Continue forward to our generation – 60’s, 70’s, and 80’s.  You know, the time of really amazing hair and clothing!  Our biggest worry was which leg warmers to wear over our stretch pants.  Or did we have all of our homework done in time for Wonderful Word of Disney on Sunday nights… right after Mutual of Omaha’s Wild Kingdom?  45’s were $1.00 at Newberrys (plus the bus fair to get downtown) and candy really did cost a penny at the Milk Bottle on Garland!  Movies at the Fox were double headers… two for the price of one!  Life WAS much easier!
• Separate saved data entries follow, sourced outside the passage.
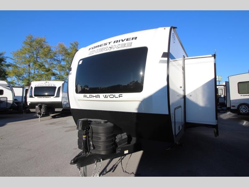With any Cherokee Alpha Wolf travel trailer by Forest River you'll enjoy outstanding amenities, quality construction, and an affordable price. Each model features a "ToughBend" rigid skirt metal design, 5/8" tongue and groove plywood floor decking, and a "SuperTruss" roof structure that will hold up through years of camping memories. There is a pet friendly "clean sweep" floor design with no heat vents indoors, along with a super lumen lighting system, a 15,000 BTU quick cool central air conditioning, and many more comforts. There are many convenient exterior features such as, Leash Latch pet safety technology, an outside shower with hot and cold water, On The Go rear ladder prep, and exterior steps with oversized landing and quick release. The Weather Guard Package will add protection against the elements with an armored underbelly tank enclosure and forced air heat, thermo-control reflective safety glass windows, and upgraded laminated walls with block foam insulation!
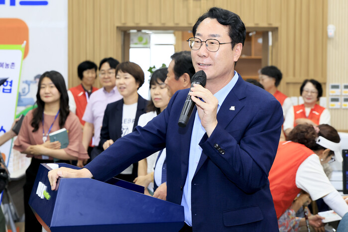 정명근 화성특례시장이 23일 향남읍 발안농협을 찾아 ‘농촌 왕진버스’ 진료 개시에 맞춰 현장을 점검하고 참여 의료진을 격려했다.
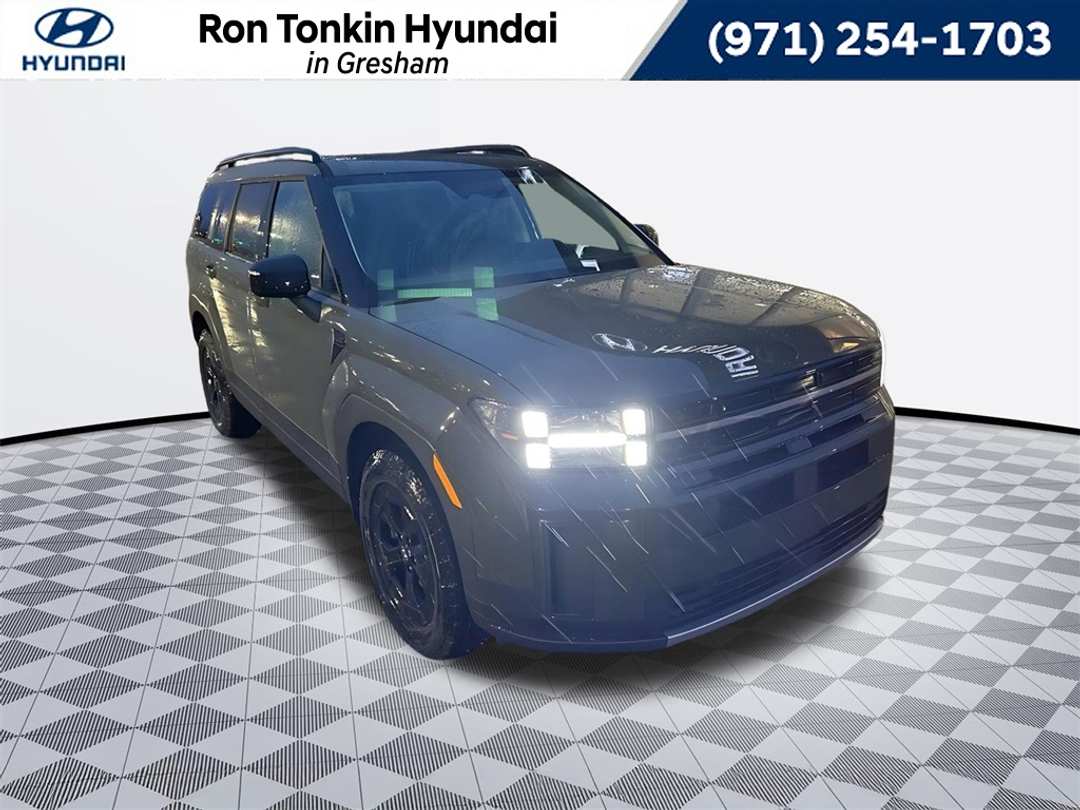 2026 Hyundai Santa Fe XRT 2.5L I4 8-Speed Automatic with SHIFTRONIC AWD 4D Sport Utility Rockwood Green AWD, Black Premium Synthetic, 3rd row seats: bench, 4-Wheel Disc Brakes, 6 Speakers, ABS brakes, Air Conditioning, Alloy wheels, AM/FM radio: SiriusXM, Apple CarPlay & Android Auto, Auto High-beam Headlights, Automatic temperature control, Brake assist, Bumpers: body-color, Cargo Cover/Screen, Cargo Net, Cargo Organizer, Carpeted Floor Mats, Delay-off headlights, Driver door bin, Driver vanity mirror, Dual front impact airbags, Dual front side impact airbags, Electronic Stability Control, Emergency communication system, Exterior Parking Camera Rear, First Aid Kit, Four wheel independent suspension, Front anti-roll bar, Front Bucket Seats, Front Center Armrest, Front dual zone A/C, Front reading lights, Fully automatic headlights, H-Tex Leatherette Seat Trim, Heated door mirrors, Heated Front Bucket Seats, Heated front seats, Illuminated entry, Knee airbag, Leather steering wheel, Low tire pressure warning, Mudguards, Navigation System, Occupant sensing airbag, Option Group 01, Outside temperature display, Overhead airbag, Overhead console, Panic alarm, Passenger door bin, Passenger vanity mirror, Power door mirrors, Power driver seat, Power Liftgate, Power moonroof, Power steering, Power windows, Radio: AM/FM/HD Display Audio, Rear anti-roll bar, Rear seat center armrest, Rear side impact airbag, Rear window defroster, Rear window wiper, Remote keyless entry, Security system, Severe Weather Kit, Speed control, Speed-sensing steering, Split folding rear seat, Spoiler, Steering wheel mounted audio controls, Tachometer, Telescoping steering wheel, Tilt steering wheel, Traction control, Trip computer, Turn signal indicator mirrors, Variably intermittent wipers, Wheels: 18" x 7.5J Dark Alloy, AWD, Black Premium Synthetic. Call for availability. Come in to Ron Tonkin Gresham Hyundai to test drive today! DA2028 View our entire inventory at https://www.rontonkinhyundai.com/ Pricing includes all applicable factory rebates, and discounts, buyer must finance through HMFA on approved credit. Price excludes tax, title, license, doc fee and dealer added accessories. Price includes: $3500 - Hyundai HMF Dealer Choice : $3500 discount and 5.39% APR for 24 months. $44.05 per $1000 financed. Available to well qualified buyers who finance through Hyundai Motor Finance. H704. Exp. 03/02/2026

So, here we are today… 2011… 21st Century… the present day… you know, WAY in the future!  Technology rules our lives.  Phones with a cord are obsolete.  Everything is instant and fast and ever-changing.  Who needs to be ready to watch our favorite program because we will just DVR it!  We don’t watch shows about talking cars or wild animals… we watch crime drama’s and reality TV.  If you don’t like what the family is doing or watching, just pull something different up on your computer or one of the other three TV’s in the house.  Who needs to use good old fashioned verbal communication anymore… we have texting!  Never mind actually getting together to share a meal or visit.  No time!  

It’s a dog-eat-dog world out there and our youth are living it large!  The world where kids respect adults and care about others… not there.  The world where kids play a neighborhood game of Kick The Can together… not there.  They stand around and text each other.  Words that we would never even have considered saying or actually said out loud are now common language…”it’s just the way we talk.”  A world of “reach out and touch someone” has taken on a total different meaning.  This generation is entitled… or so they think.  

It’s NOT easier, but it’s all they know.  The way we lived was all we knew!  I often think about how each generation truly believed that they were on the cutting edge of technology and life!  Life has always changed, but not at the rate it is today.  I think the Ingalls were on to something moving there family out onto the prairie away from the hustle and bustle of the city!  Some days I long to live in a time that was easier… you know when movies were a nickel and everyone walked barefoot to school… uphill both ways… in the snow!